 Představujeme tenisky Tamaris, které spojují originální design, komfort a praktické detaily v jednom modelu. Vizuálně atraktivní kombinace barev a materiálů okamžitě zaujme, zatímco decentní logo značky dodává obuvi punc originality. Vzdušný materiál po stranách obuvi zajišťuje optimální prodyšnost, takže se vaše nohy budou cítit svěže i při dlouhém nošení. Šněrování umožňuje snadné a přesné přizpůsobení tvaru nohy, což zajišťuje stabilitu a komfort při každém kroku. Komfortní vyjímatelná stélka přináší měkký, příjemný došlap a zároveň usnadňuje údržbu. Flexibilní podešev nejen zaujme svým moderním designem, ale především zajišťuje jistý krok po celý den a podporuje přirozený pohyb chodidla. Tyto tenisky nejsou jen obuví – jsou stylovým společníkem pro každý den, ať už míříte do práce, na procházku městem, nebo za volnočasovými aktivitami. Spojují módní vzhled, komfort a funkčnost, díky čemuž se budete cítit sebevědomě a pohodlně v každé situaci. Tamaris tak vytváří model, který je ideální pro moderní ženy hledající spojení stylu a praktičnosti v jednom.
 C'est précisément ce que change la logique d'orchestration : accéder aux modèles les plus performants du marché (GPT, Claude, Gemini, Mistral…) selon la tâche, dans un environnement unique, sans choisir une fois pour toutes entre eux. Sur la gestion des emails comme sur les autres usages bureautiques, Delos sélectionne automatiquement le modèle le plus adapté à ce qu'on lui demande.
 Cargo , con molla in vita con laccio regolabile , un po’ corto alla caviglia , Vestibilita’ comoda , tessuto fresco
---
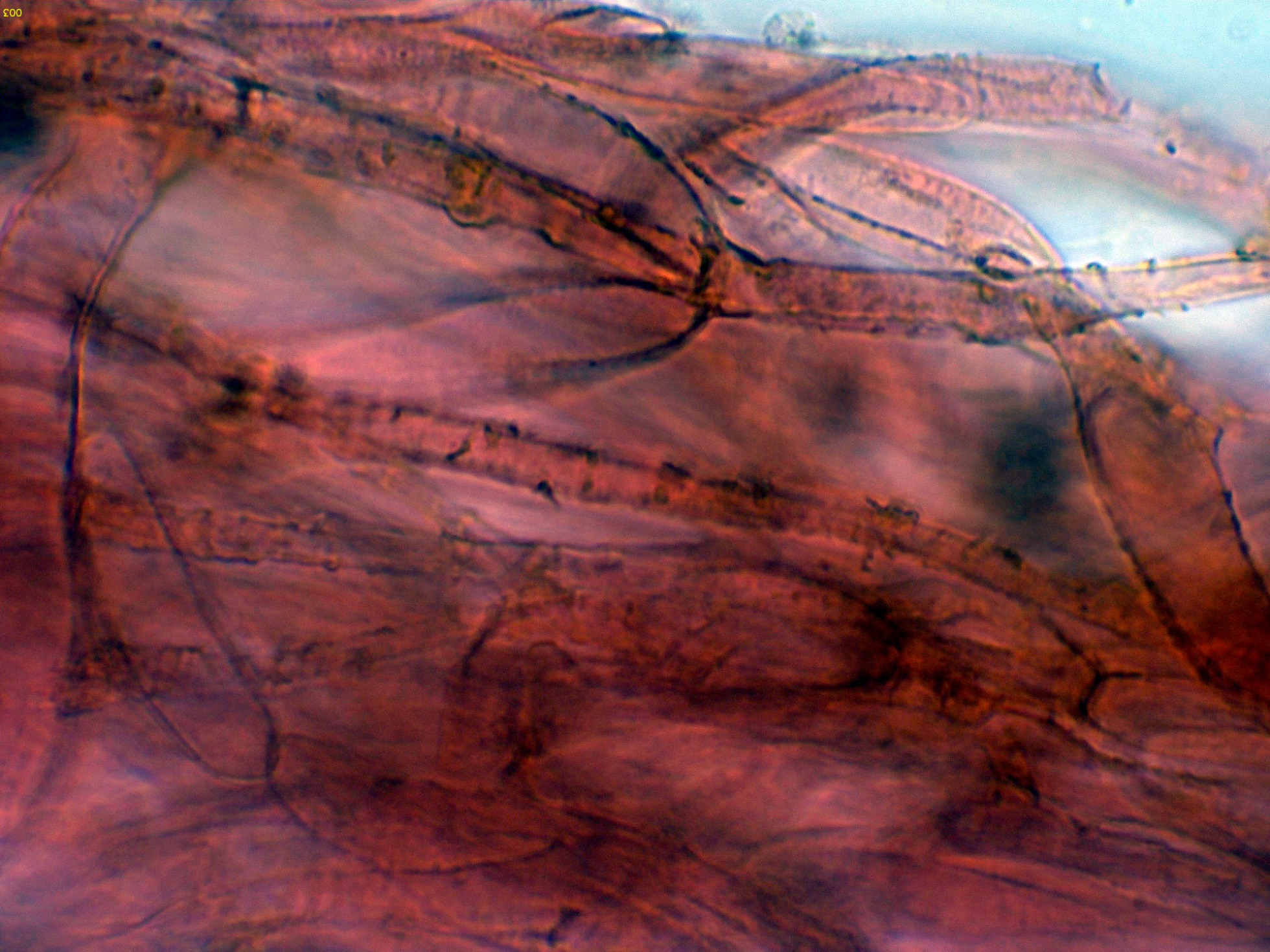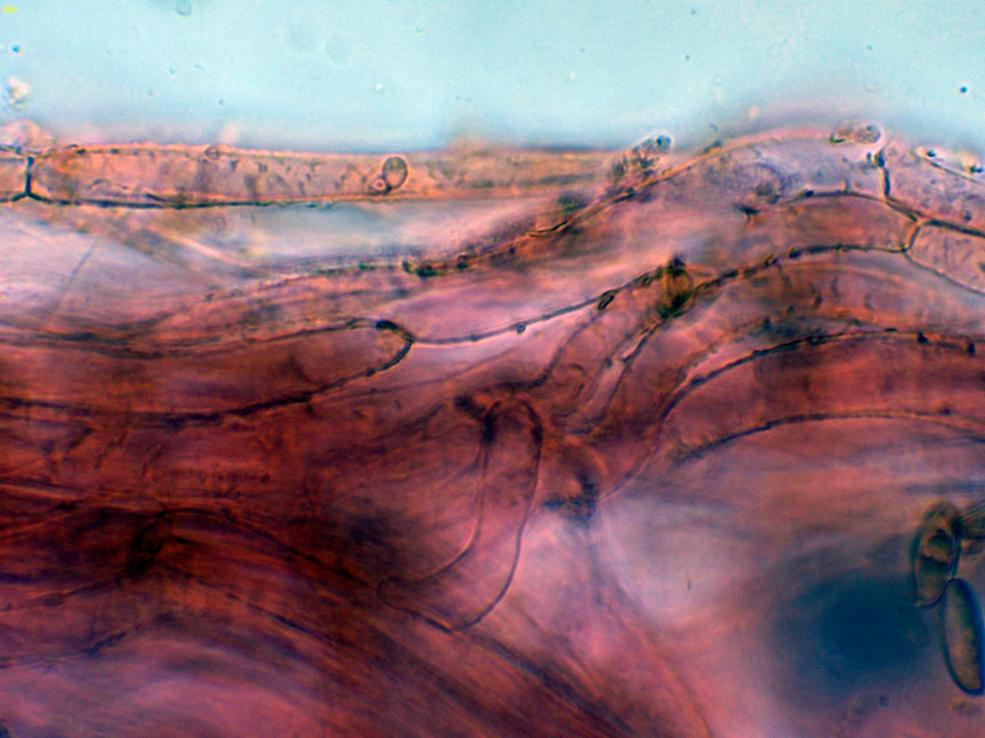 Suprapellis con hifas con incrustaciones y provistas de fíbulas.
* * *
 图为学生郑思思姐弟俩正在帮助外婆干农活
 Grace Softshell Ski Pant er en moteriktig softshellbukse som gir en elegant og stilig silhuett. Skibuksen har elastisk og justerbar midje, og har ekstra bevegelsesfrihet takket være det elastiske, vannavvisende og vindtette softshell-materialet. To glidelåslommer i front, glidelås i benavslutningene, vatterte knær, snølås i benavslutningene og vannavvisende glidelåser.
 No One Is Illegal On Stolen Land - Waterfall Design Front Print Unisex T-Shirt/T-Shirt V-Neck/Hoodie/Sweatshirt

### PROBLEM TO SOLVE
The response should be the listing above, limited to the lines between the one holding "C'est précisément ce" and the one holding "Cargo , con", inclusive, reproduced exactly.

### REPLY TO THE TASK
 C'est précisément ce que change la logique d'orchestration : accéder aux modèles les plus performants du marché (GPT, Claude, Gemini, Mistral…) selon la tâche, dans un environnement unique, sans choisir une fois pour toutes entre eux. Sur la gestion des emails comme sur les autres usages bureautiques, Delos sélectionne automatiquement le modèle le plus adapté à ce qu'on lui demande.
 Cargo , con molla in vita con laccio regolabile , un po’ corto alla caviglia , Vestibilita’ comoda , tessuto fresco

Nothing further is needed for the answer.